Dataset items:
◆ ◆ ◆ ◆ ◆ ◆ ◆
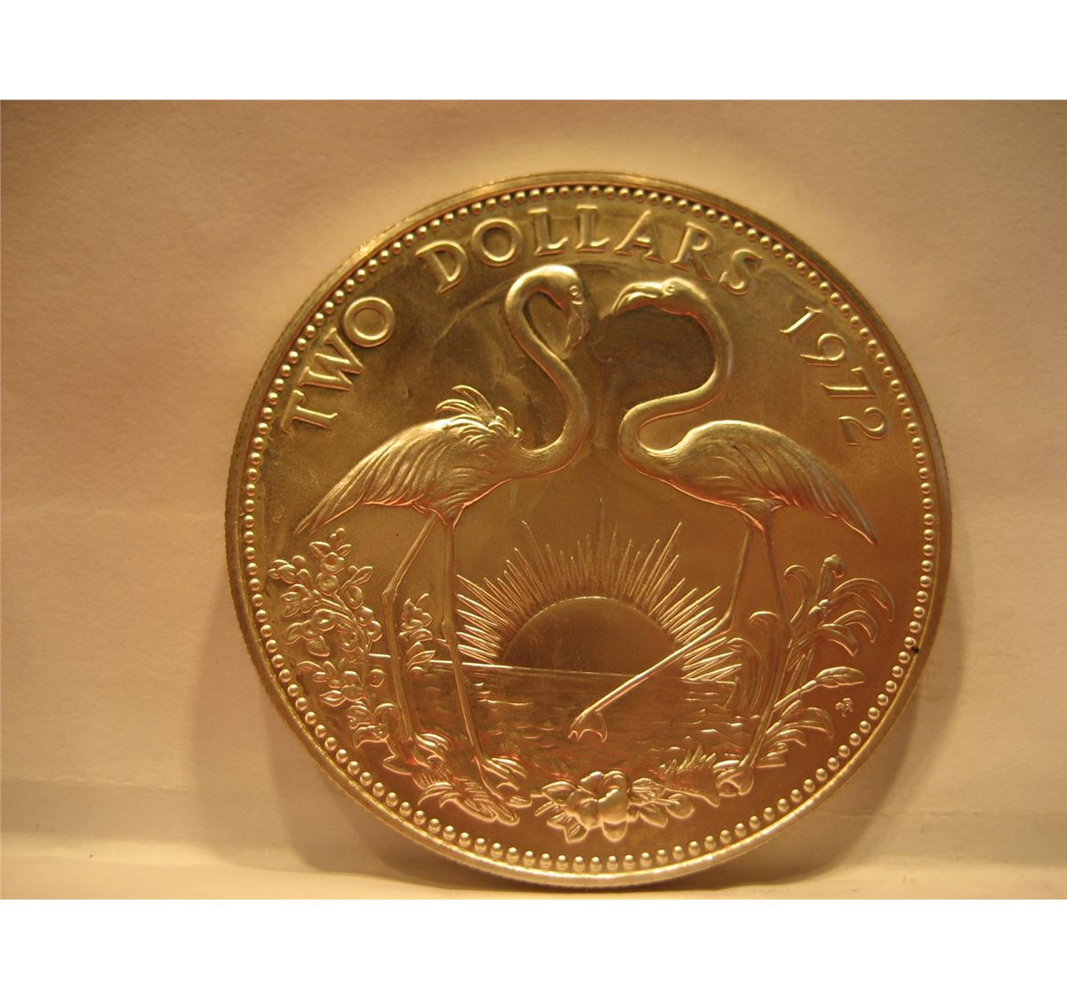 (1) 1972 LARGE STERLING SILVER Commonwealth of the Bahamas $2 Flamingo Coin
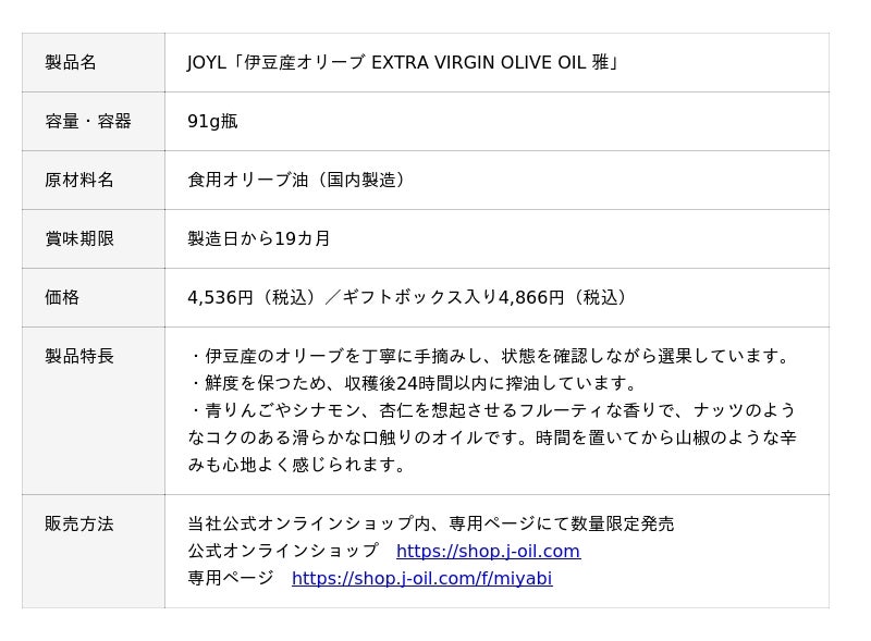 JOYL「伊豆産オリーブ EXTRA VIRGIN OLIVE OIL 雅」を12月1日(月曜日)より当社公式オンラインショップにて数量限定で販売を開始します。
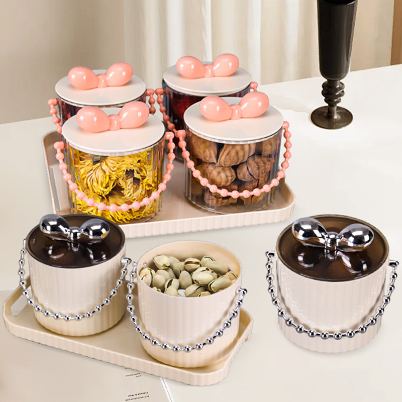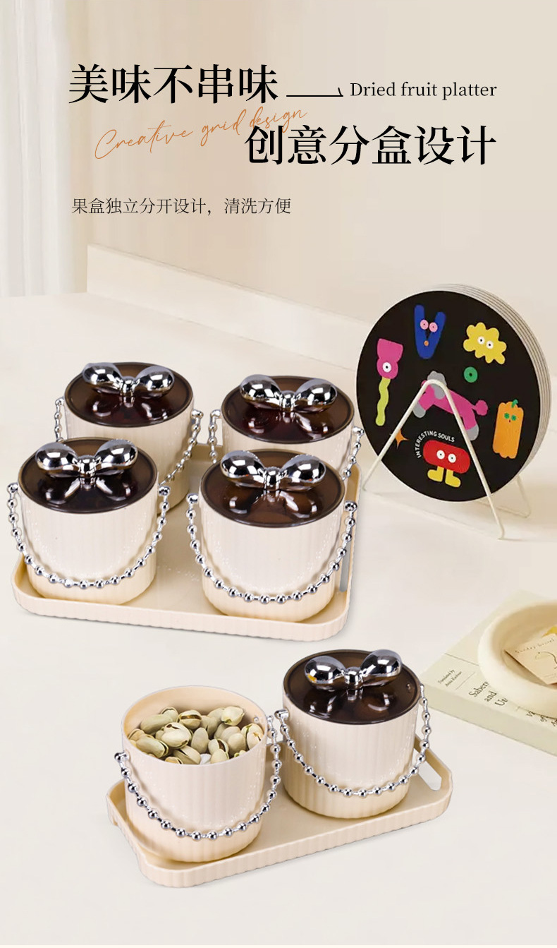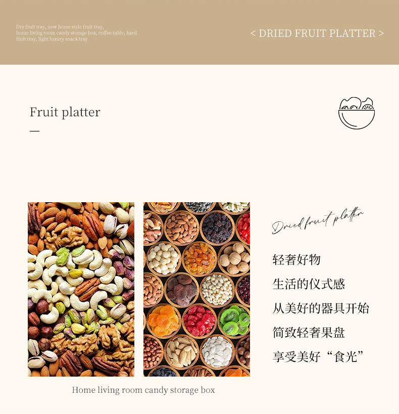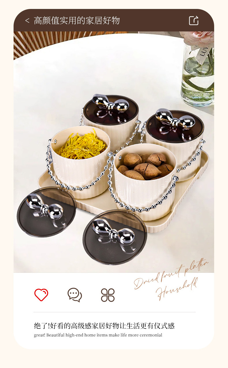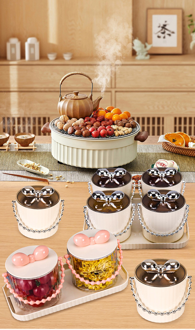 新款家用糖果盒水果盘茶水盘创意轻奢高档奶油风围炉煮茶点心盒
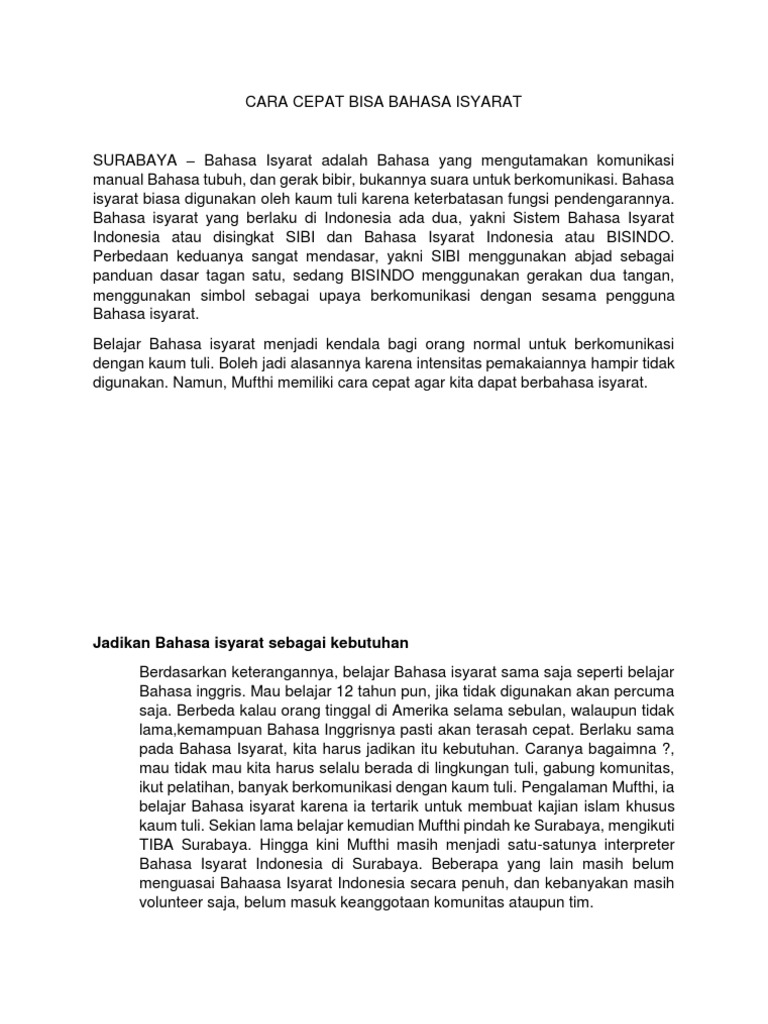 Bahasa isyarat menggunakan gerakan tangan dan jari sebagai ciri khasnya. 11 januari diperingati sebagai hari tuli nasional. Pusbisindo cara unik belajar bahasa isyarat reporter.
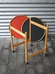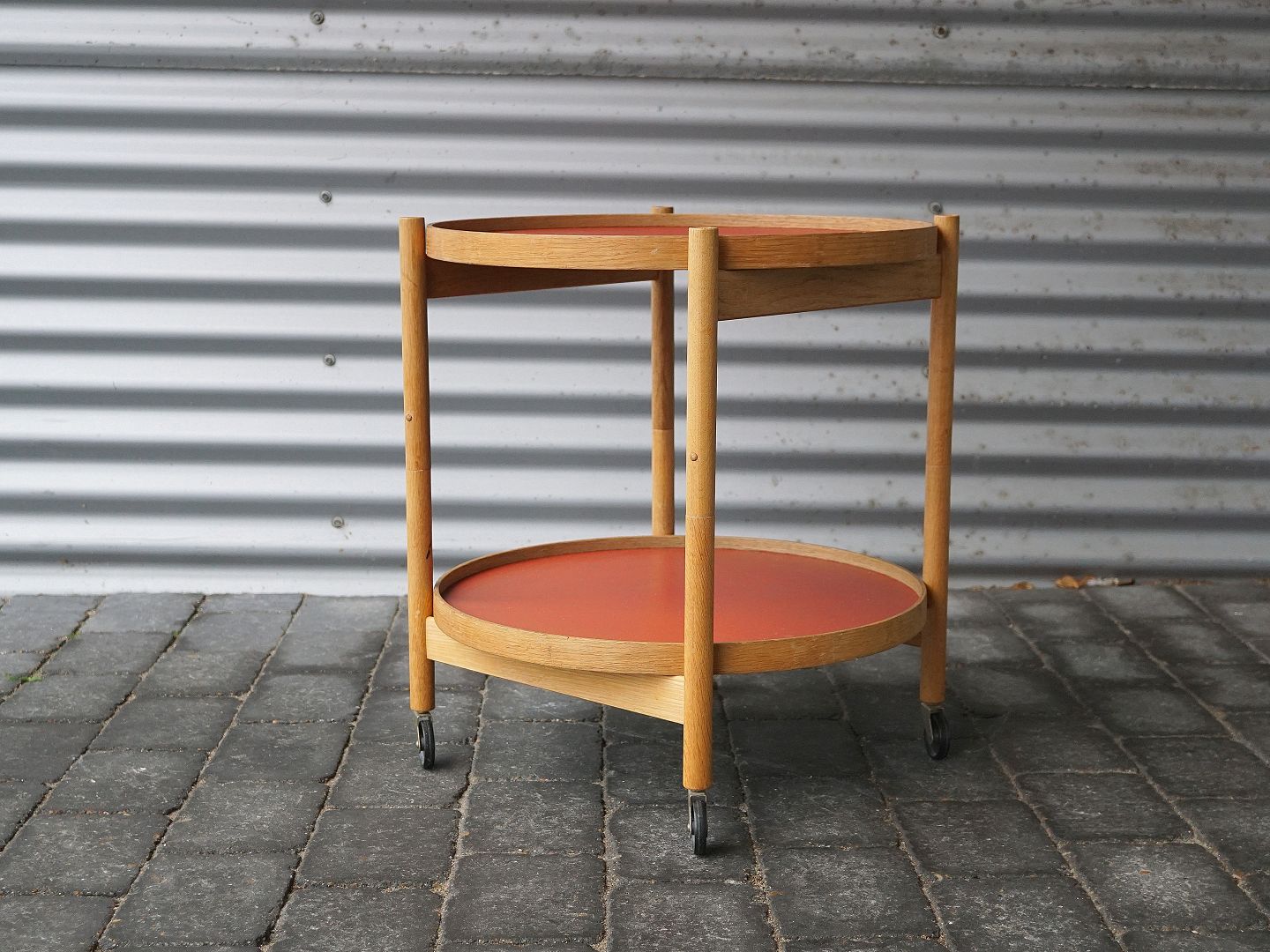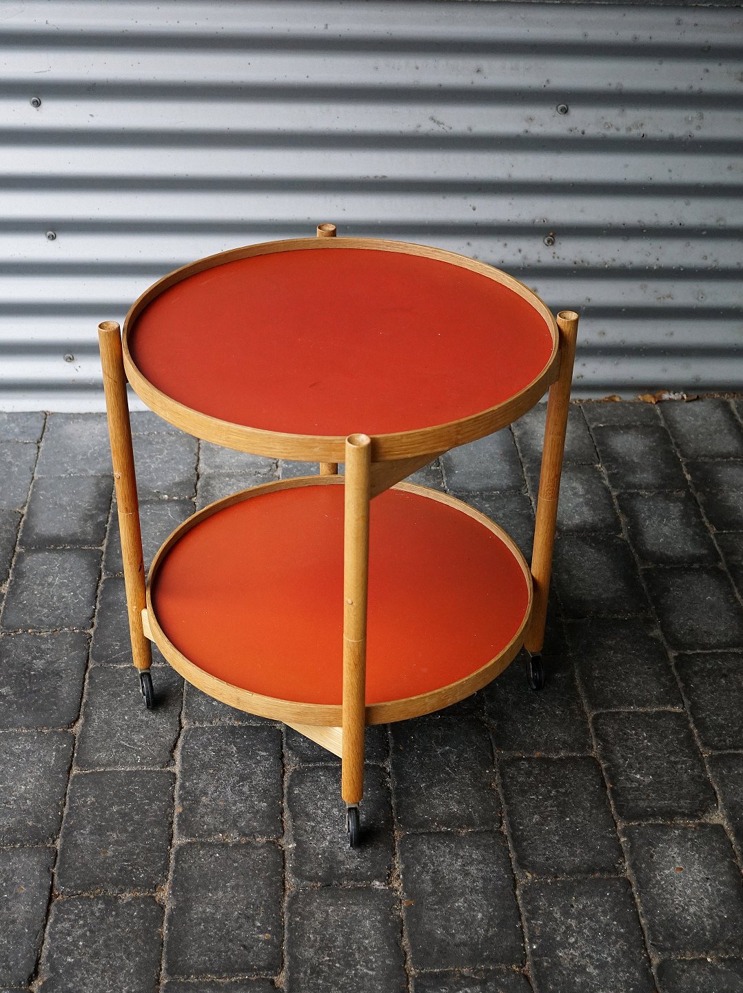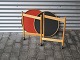 Bord på hjul med foldbart stel og vendbare bakker i sort og rødt laminat
◆ ◆ ◆ ◆ ◆ ◆ ◆
Pictures stay out. Copy exactly, and only, the lines from the one containing "JOYL「伊豆産オリーブ EXTRA VIRGIN" through the end of the data.

 JOYL「伊豆産オリーブ EXTRA VIRGIN OLIVE OIL 雅」を12月1日(月曜日)より当社公式オンラインショップにて数量限定で販売を開始します。
 新款家用糖果盒水果盘茶水盘创意轻奢高档奶油风围炉煮茶点心盒
 Bahasa isyarat menggunakan gerakan tangan dan jari sebagai ciri khasnya. 11 januari diperingati sebagai hari tuli nasional. Pusbisindo cara unik belajar bahasa isyarat reporter.
 Bord på hjul med foldbart stel og vendbare bakker i sort og rødt laminat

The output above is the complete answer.